Ma mère se lève et me prend dans ses bras, elle semble comprendre ce que je ressens.
-Laisse lui du temps Oliver. Maintenant que tu es au courant pour le petit.
Jamie !
C'est jolie !
Oui j'adore. Et ce prénom lui va à merveille. Je ferai tout maman pour le connaître, je suis prêt à me battre pour ne serai ce qu'avoir le droit de passer une heure de temps en temps avec lui.
Elle finira par changer d'avis Oliver. Et John dans tout ça ! Comment prend il la nouvelle ?
Je ne sais pas, il était furieux mais pas autant que papa... Et lui aura la chance de connaître Jamie. Je suis heureux pour lui. Il ne méritait pas ça, surtout après tou ce qu'il a fait pour Felicity. Mais j'aimerai être à sa place... Et j'espère qu'un jour je le serai, j'espère que tout s'arrangera.
Je suis dans ma chambre celle qui m'appartenait lorsque je vivais encore sous le toit de mes parents, étendue dans mon lit, le téléphone dans les mains prêt à appuyer sur la touche envoyé. Je frôle la touche, mon cœur palpite, je suis angoissé et des « si » commence à affluer dans mon cerveau mais je ne leur laisse pas le temps d'envahir celui ci que je presse la touche envoyer. Je pose mon téléphone sur le chevet et je prie pour qu'elle me réponde.

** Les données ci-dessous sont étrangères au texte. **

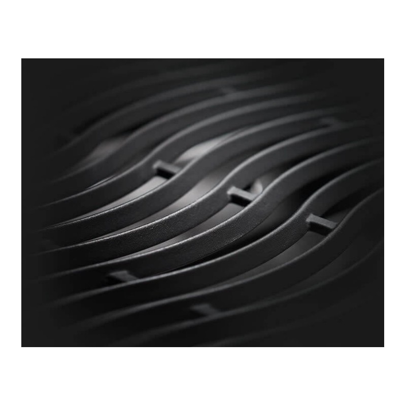 A grelha de ferro fundido esmaltado Wave Distribui uniformemente, deixando bons vestígios de cozimento em sua comida.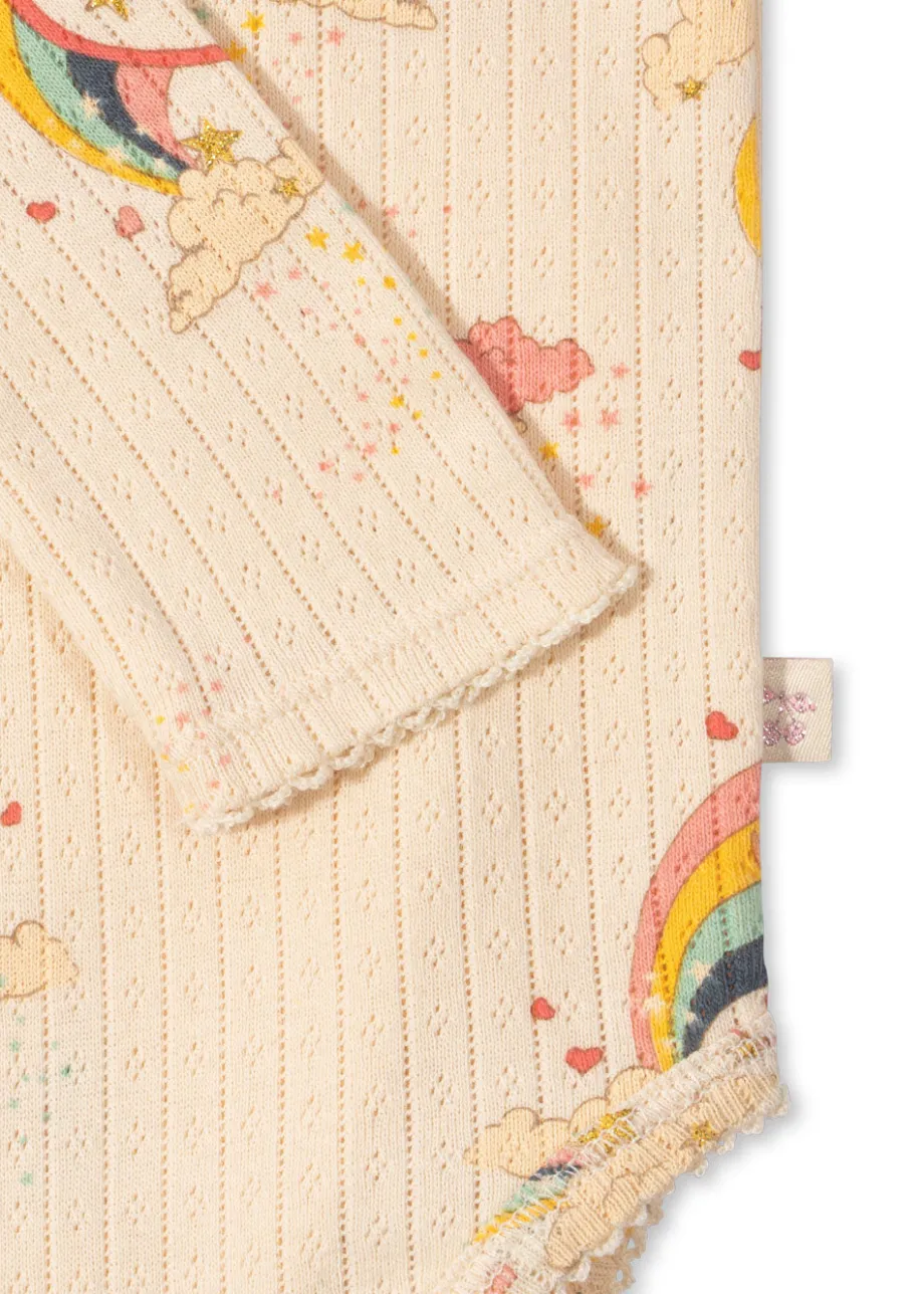 Blød bodystocking i bomuld med dekorativt hulmønster og glimmerprint. Med praktiske trykknapper i skridtet. Et blød og behagelig basisbluse. der er uundværlig i garderoben. Lave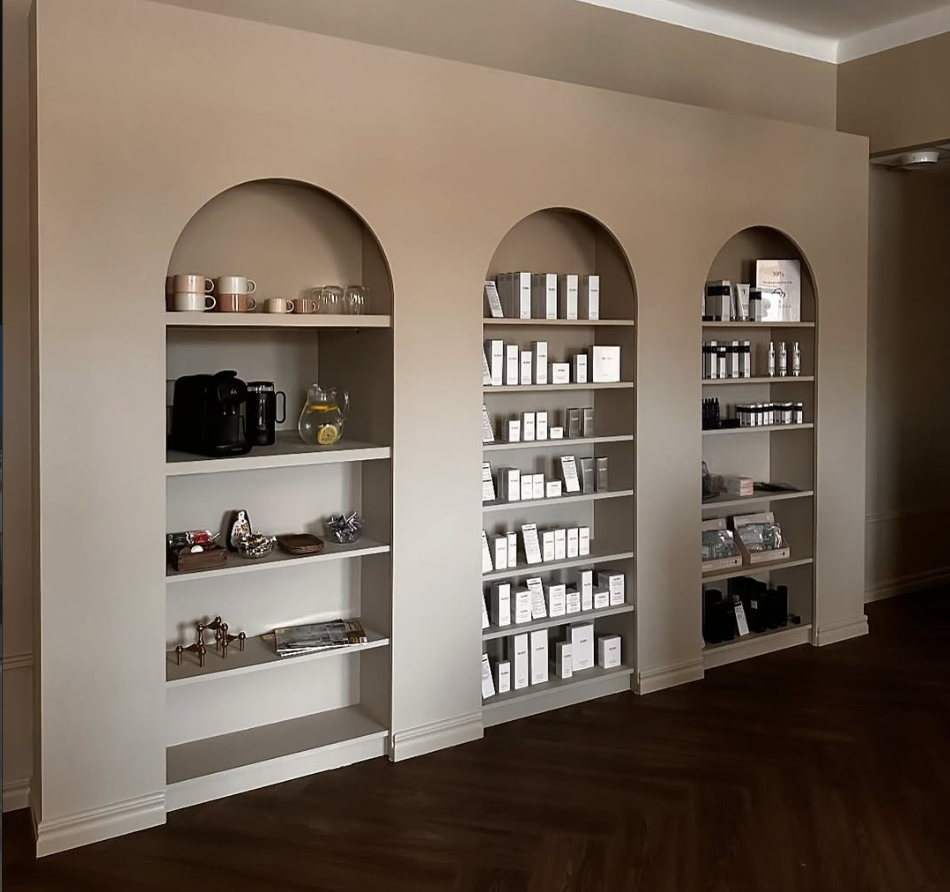 - Valvade nischer: Inbyggda hyllor med rundade ovankanter och integrerad belysning som lyfter fram produkterna.
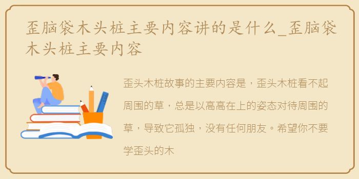 歪头木桩故事的主要内容是,歪头木桩看不起周围的草,总是以高高在上的姿态对待周围的草,导致它孤独,没有任何朋友。希望你不要学歪头的木桩。无论你的长相或者其他条件如何,都不能嘲笑别人。每个人都有自己的优点和缺点。也许他自己的缺点恰恰是别人的优点。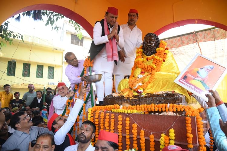 महर्षि वाल्मीकि की प्रतिमा पर अखिलेश यादव ने किया माल्यार्पण।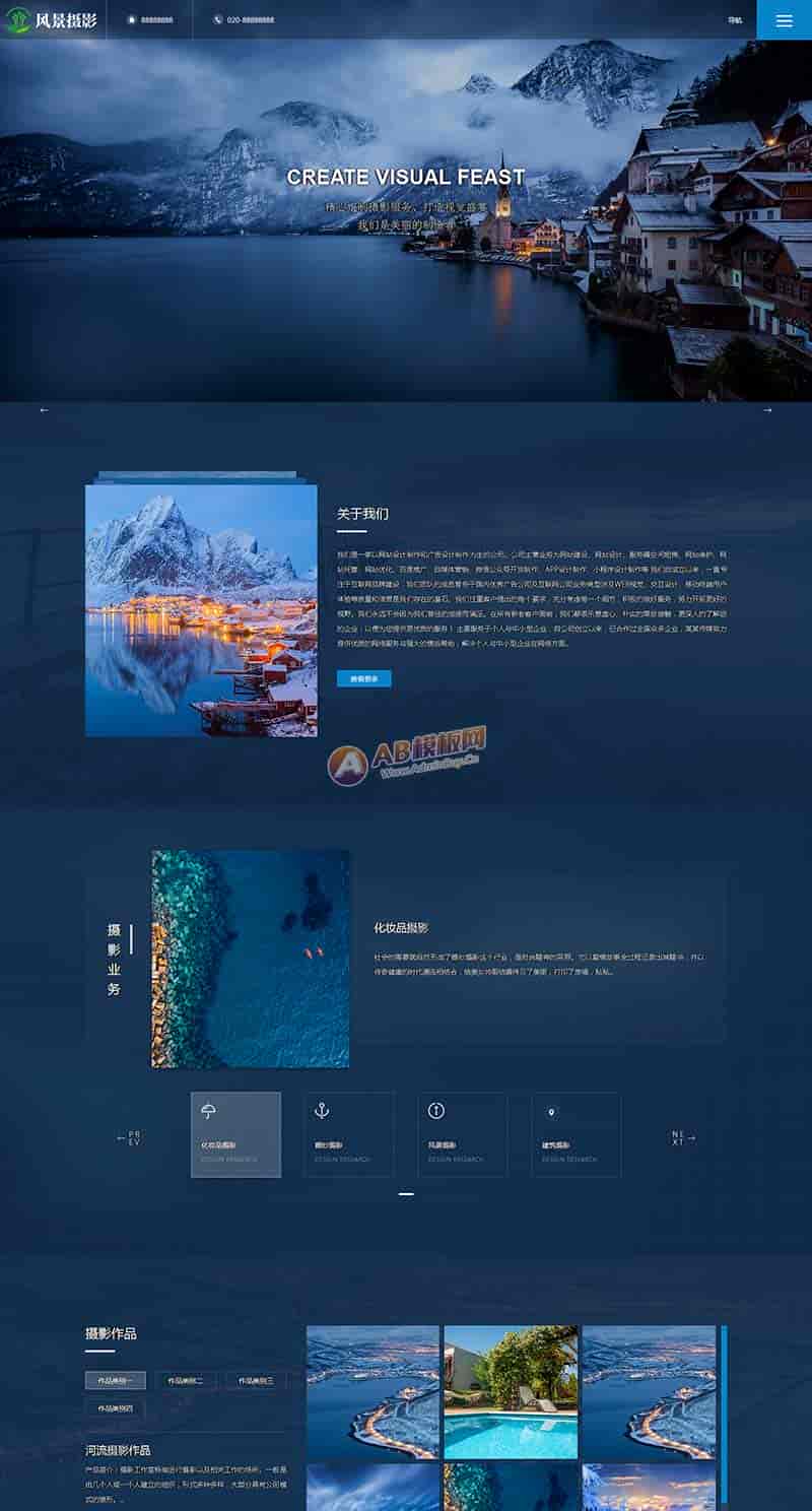 (自适应手机端)深蓝色风景摄影网站pbootcms模板 户外风景摄影机构网站源码下载PbootCMS内核开发的网站模板,该模板适用于风景摄影网站、摄影机构网站等企业,当然其他行业也可以做,只需要把文字图片换成其他行业的即可;响应式,同一个后台,数据即时同步,简单适用!附带测试数据!友好的seo,所有页面均都能完全自定义标题/关键词/描述,PHP程序,安全、稳定、快速;用低成本获取源源不断订单!后台:域名/admin.php

Celui ci sonne presque immédiatement, je le prends les mains légèrement tremblantes, elle m'a répondu ce qui veut dire qu'elle veut bien me parler.
« Il va bien. Il se repose... Merci de prendre de ses nouvelles ».
Je souris pour la première fois de la soirée, voyant qu'elle m'a répondue je tente un message beaucoup plus audacieux que « Comment va John. »
« Est ce qu'on pourrait se voir demain pour discuter de tout ça ? Sil te plaît ? »
Je garde le téléphone en main, la peur au ventre. Bordel, je n'ai jamais eut autant la trouille de ma vie et pourtant il y a bien eu des occasions pour que cela se produise.
Le message vient d'arriver, je l'ouvre aussitôt.
« Je n'ai rien à te dire... Bonne nuit ».
Je balance mon téléphone à travers la pièce fou de rage. Jamais elle ne me laissera une chance de m'excuser. Il y a cinq ans, je lui ai présenté bon nombre d'excuse et elle n'a jamais dénié me répondre me balayant de sa vie d'un coup de baguette magique et aujourd'hui malgré l'aventure que nous venons de vivre tout les deux pour sauver son frère, elle me repousse encore. Je sors du lit et vais m'asseoir sur le rebord de la fenêtre, je contemple le ciel parsemé d'étoile priant pour qu'un jour elle accepte mes excuses, qu'elle fasse la paix avec notre passé.